Software defect prediction (SDP) focuses on defect-prone modules that require extensive testing. This way it facilitates the efficient utilization of the available resources without affecting the testing constraints. For a software product, the timely defect prediction boosts the quality of the software besides giving the flexibility to the project managers to manage the resources optimally [4]. Additionally, it also helps increase the quality of the developed software, leading to higher customer satisfaction and subsequently to the product's success. A practical and powerful defect prediction mechanism is vital due to the challenges, namely dimensionality reduction and class imbalance. The class imbalance problem is an extreme imbalance between the defect-prone (DP) and non-defect-prone (NDP) modules. Hence, the data set is highly skewed towards DP or NDP modules. Usually, the DP modules are fewer than NDP modules, and initially, the learners mainly focus on NDP modules. Hence, data balancing is required to resolve the skewness in the data set [5]. Another major challenge most defect prediction models face is irrelevant features present in the data set. These features do not possess any significant information and are hence considered noise. Like the class imbalance problem, irrelevant features also reduce the model’s predictive performance.
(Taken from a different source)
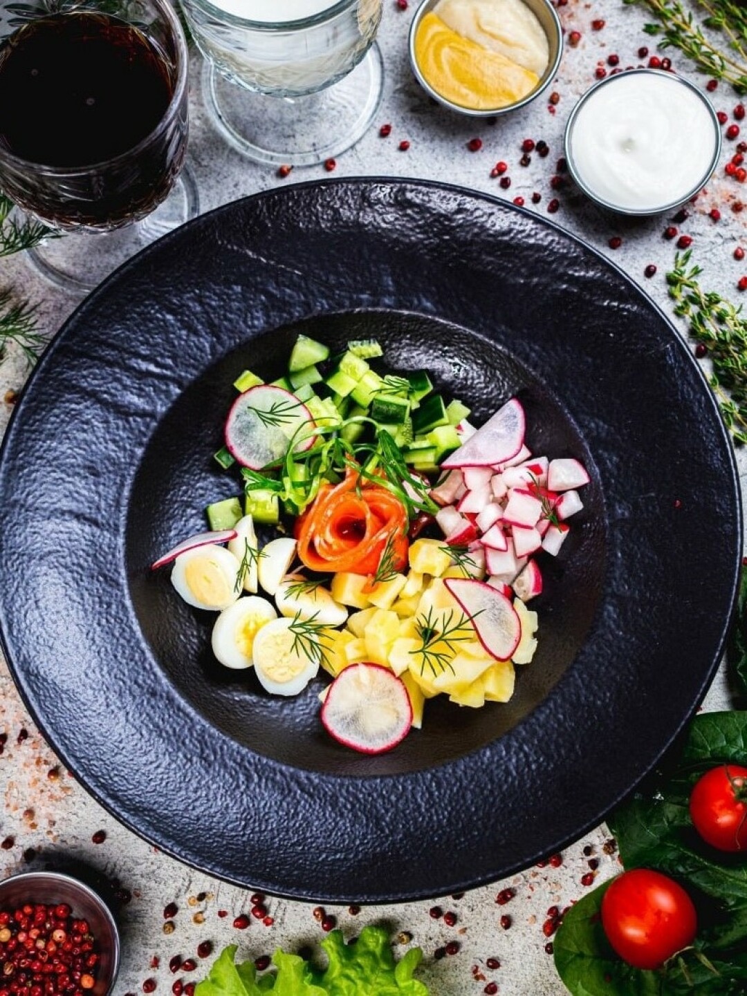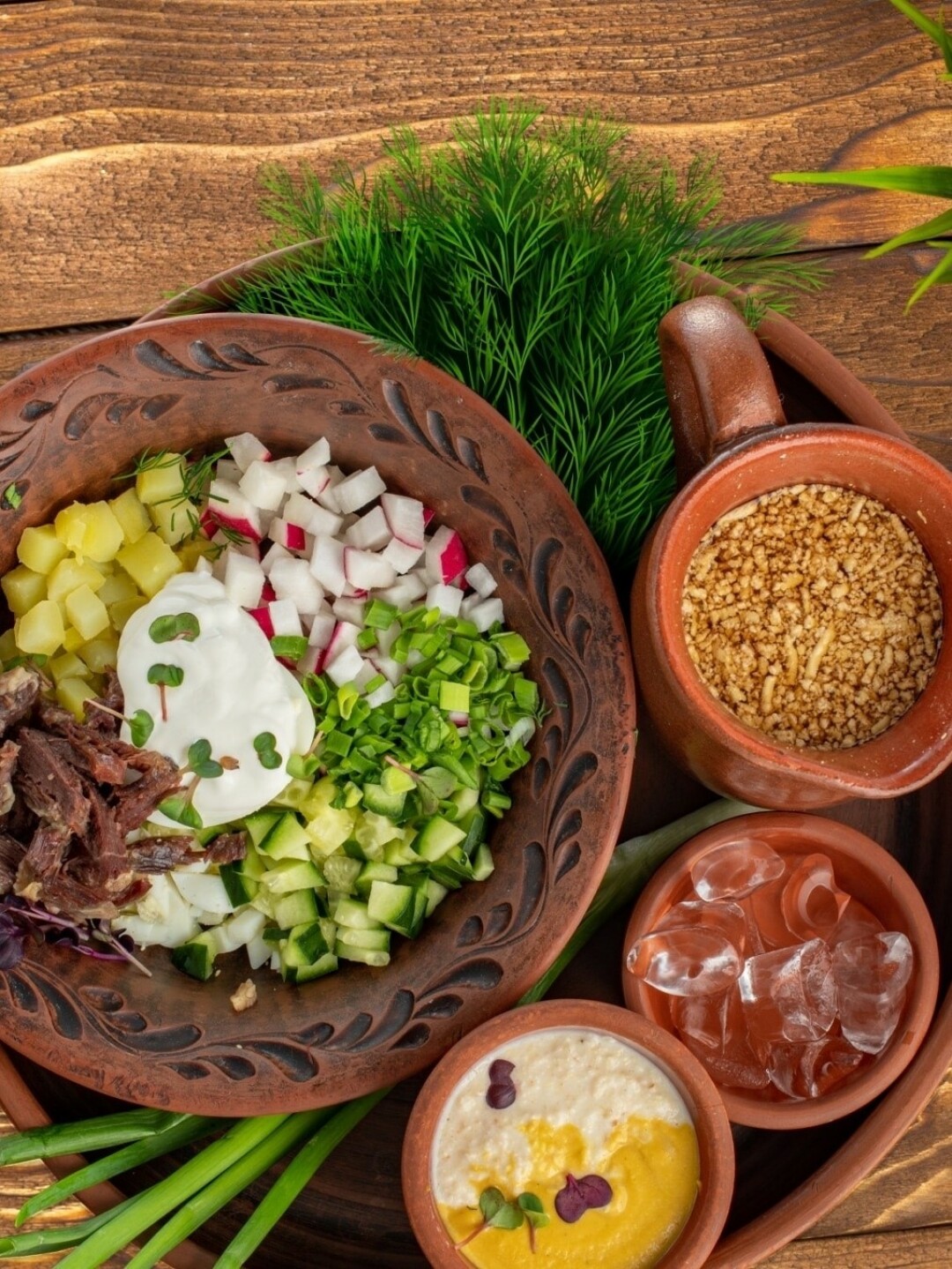 Окрошка — вообще-то блюдо истинно славянской кухни, потому искать его нужно в меню «Корчмы Гопак». Здесь этот холодный суп готовят исключительно на квасе, зато предлагают три варианта начинки за 490 рублей — говяжий язык, говяжьи щечки, куриная грудка. Бонусом с теми же вариантами начинки можно заказать холодный борщ за 550 рублей: его готовят с кефиром и газированной водой и подают с горчицей, хреном и пампушками.

Organization of the paper: Sect. 1 discusses the formal requirement of a software defect prediction model and its challenges. Section 2 describes the basic concepts that might help understand this work. Section 3 discusses the methodology that has been followed in this work. The literature review has been discussed in Sect. 4. It also raises three research questions. Section 5 consists of the discussion on our findings. The answer to the research questions also follows here. Finally, the paper concludes with the summary and future action in Sect. 6.
2 Software Defect Prediction
Here, we discuss the fundamental concepts of defect prediction in software modules and the applicability of machine learning. First, Fig. 1 depicts the block diagram of software defect prediction [7]. Next, the data set, taken from publicly available repositories like NASA, PROMISE, ECLIPSE, AEEEM, or a real-life project, undergoes some pre-processing to remove any noise or missing values. After pre-processing, the dis-aggregation of the data set is done into training and testing data. Unfortunately, the training set may contain irrelevant attributes that do not contribute significantly to the defect prediction but can lower the model's performance. A suitable feature selection technique can significantly solve this issue. Then, a suitable machine learning classifier uses this reduced training data to build the model. Further, the built model measures the performance using the test data.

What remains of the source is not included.